**TASK INPUTS**

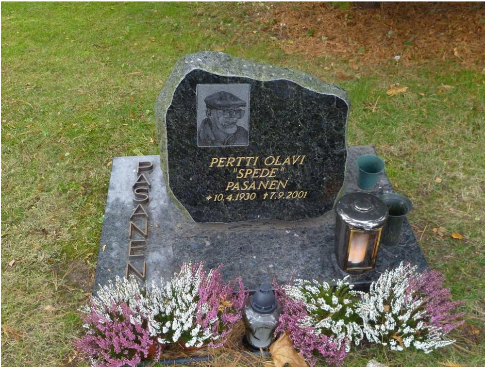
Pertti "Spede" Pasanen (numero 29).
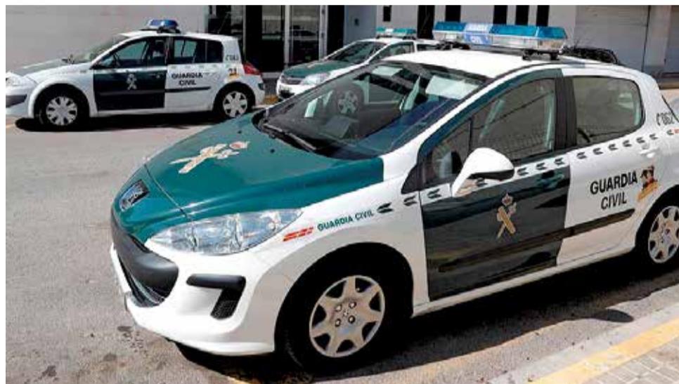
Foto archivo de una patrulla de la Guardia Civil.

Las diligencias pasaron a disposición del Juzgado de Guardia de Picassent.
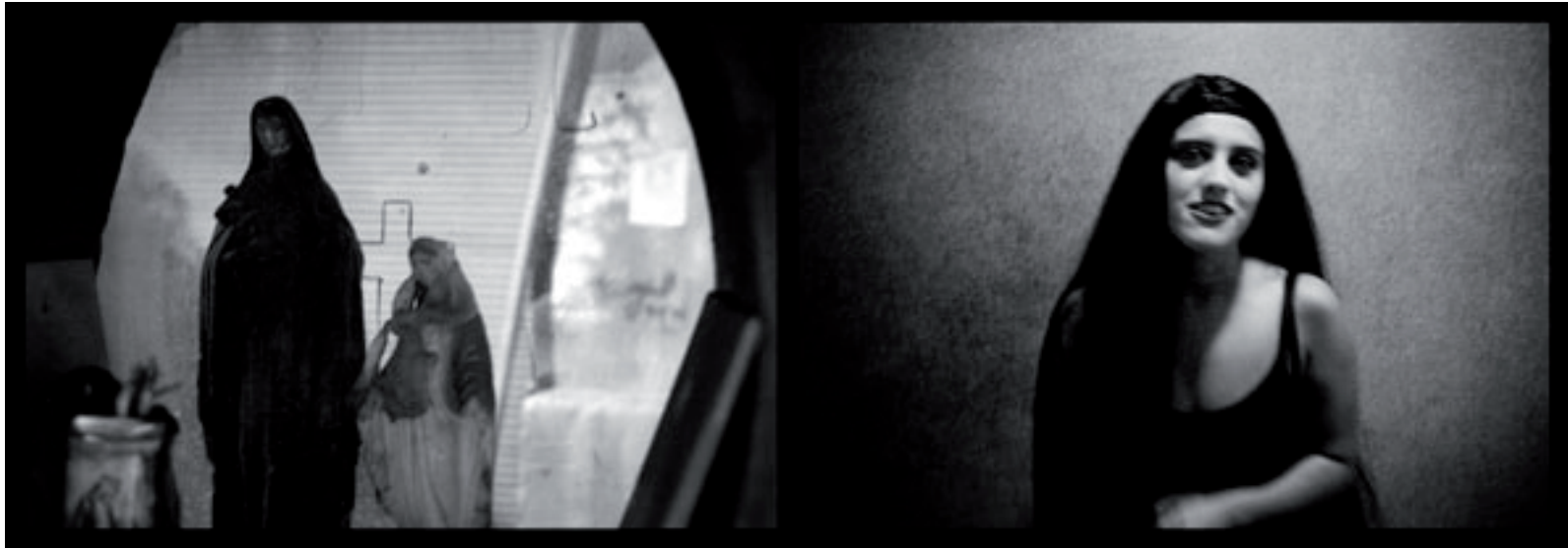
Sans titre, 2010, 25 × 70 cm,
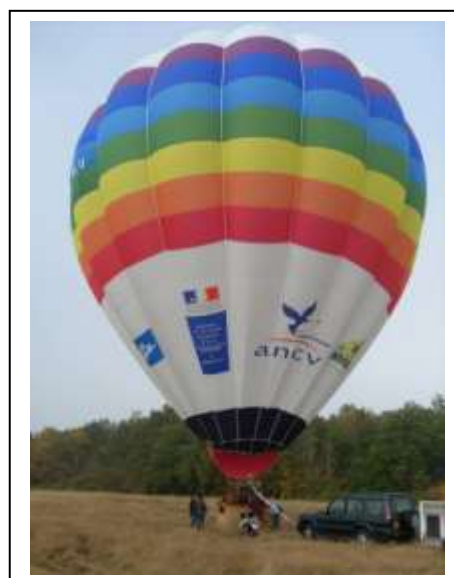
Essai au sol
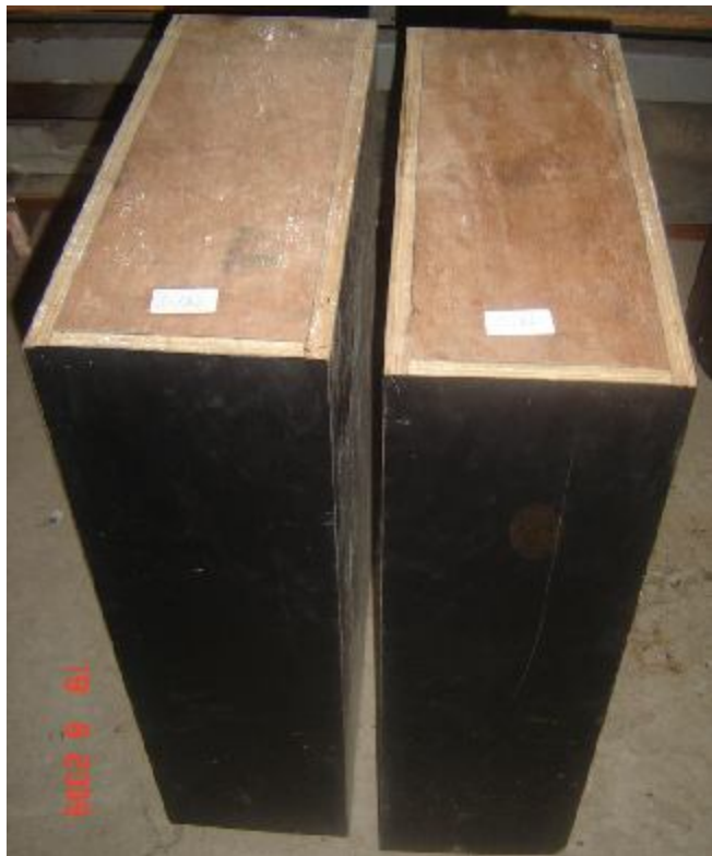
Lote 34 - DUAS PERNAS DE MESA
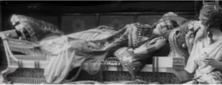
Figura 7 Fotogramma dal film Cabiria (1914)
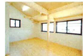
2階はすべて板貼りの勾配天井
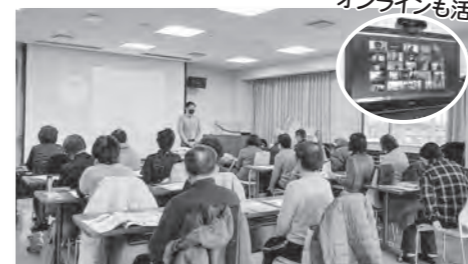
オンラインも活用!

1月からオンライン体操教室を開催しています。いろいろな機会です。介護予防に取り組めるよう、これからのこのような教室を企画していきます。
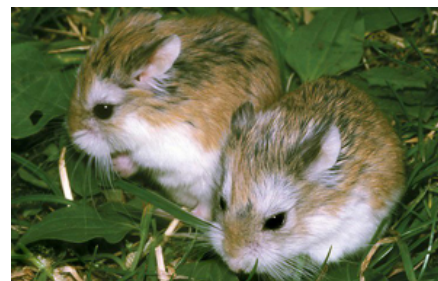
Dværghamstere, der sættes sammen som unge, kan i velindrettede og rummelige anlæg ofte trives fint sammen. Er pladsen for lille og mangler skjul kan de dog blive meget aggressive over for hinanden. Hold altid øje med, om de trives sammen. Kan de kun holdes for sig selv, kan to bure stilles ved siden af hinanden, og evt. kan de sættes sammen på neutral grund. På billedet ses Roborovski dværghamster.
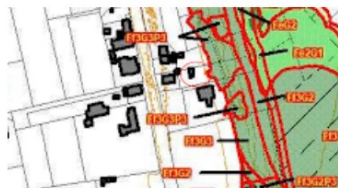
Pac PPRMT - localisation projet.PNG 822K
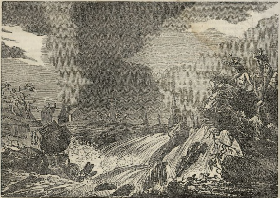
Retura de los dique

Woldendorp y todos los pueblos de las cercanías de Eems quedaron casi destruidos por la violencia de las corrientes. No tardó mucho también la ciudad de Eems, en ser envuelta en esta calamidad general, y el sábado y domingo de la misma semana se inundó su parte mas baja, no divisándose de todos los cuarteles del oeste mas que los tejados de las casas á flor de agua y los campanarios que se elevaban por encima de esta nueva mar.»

**TASK OBJECTIVE**
The lines from the one holding "Dværghamstere, der sættes" through the end of the material above are to be echoed exactly, both ends included. Do not include pictures.

**RESPONSE BELOW**
Dværghamstere, der sættes sammen som unge, kan i velindrettede og rummelige anlæg ofte trives fint sammen. Er pladsen for lille og mangler skjul kan de dog blive meget aggressive over for hinanden. Hold altid øje med, om de trives sammen. Kan de kun holdes for sig selv, kan to bure stilles ved siden af hinanden, og evt. kan de sættes sammen på neutral grund. På billedet ses Roborovski dværghamster.
Pac PPRMT - localisation projet.PNG 822K
Retura de los dique

Woldendorp y todos los pueblos de las cercanías de Eems quedaron casi destruidos por la violencia de las corrientes. No tardó mucho también la ciudad de Eems, en ser envuelta en esta calamidad general, y el sábado y domingo de la misma semana se inundó su parte mas baja, no divisándose de todos los cuarteles del oeste mas que los tejados de las casas á flor de agua y los campanarios que se elevaban por encima de esta nueva mar.»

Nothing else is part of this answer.